И тогда, хотя эта мысль уже исчезла – если вообще можно сказать, что она исчезла, ибо мысль выплывает на поверхность сознания и в нем же тонет, – тогда я сказал: «Ты ведь не знаешь, какие выгоды. Например, Хозяин хочет, чтобы ты сам назначил себе жалованье».

– Хозяин, – повторил он, причем его верхняя губа изогнулась больше обычного и открыла зубы, а звук «з» вышел свистящим, – напрасно рассчитывает меня купить. У меня есть, – он обвел глазами захламленную, грязную комнату, – все, что мне нужно.

– Хозяин не такой дурак. Ты правда думаешь, что он хочет тебя купить?

– Он все равно не смог бы, – сказал Адам.

– А чего он, по-твоему, хочет?

– Запугать меня. Это будет следующий ход.

– Нет, – помотал я головой, – не то. Он не может тебя запугать.

– На этом он стоит. На подкупе и угрозах.

– Подумай еще, – сказал я.

Он встал, нервно прошелся по вытертому зеленому ковру и обернулся ко мне.

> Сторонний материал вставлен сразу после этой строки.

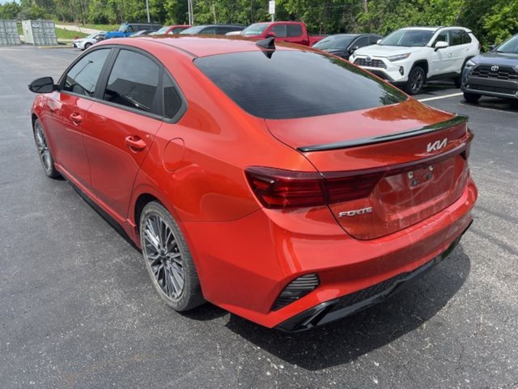 Clean CARFAX. NAVIGATION, NO ACCIDENT HISTORY ON CARFAX, Alloy wheels, Electronic Parking Brake (EPB) w/Auto Hold, Forward Collision Avoidance-Assist - Cyclist, GT-Line Technology Package, Highway Driving Assist (HDA), Navigation System, Navigation-Based Smart Cruise Control (NSCC), Smart Cruise Control, Wheels: 17" Graphite Finish Alloy. Fire Orange 2022 Kia Forte GT-Line FWD CVT 2.0L 4-Cylinder MPI

– Лестью он тоже ничего не добьется, – сказал он со злобой.

– Не только он, – мягко сказал я, – тебя вообще нельзя взять лестью. И знаешь почему?

– Почему?

– Видишь ли, был такой писатель Данте, он говорил, что человек, знающий себе цену, истинно гордый человек, не мог бы впасть в грех зависти, ибо не нашел бы людей, которым стоит завидовать. С таким же успехом Данте мог сказать, что гордый человек, знающий себе цену, недоступен лести, потому что никто не откроет ему таких его достоинств, о которых он сам не знал бы. Нет, на лесть ты не клюнешь.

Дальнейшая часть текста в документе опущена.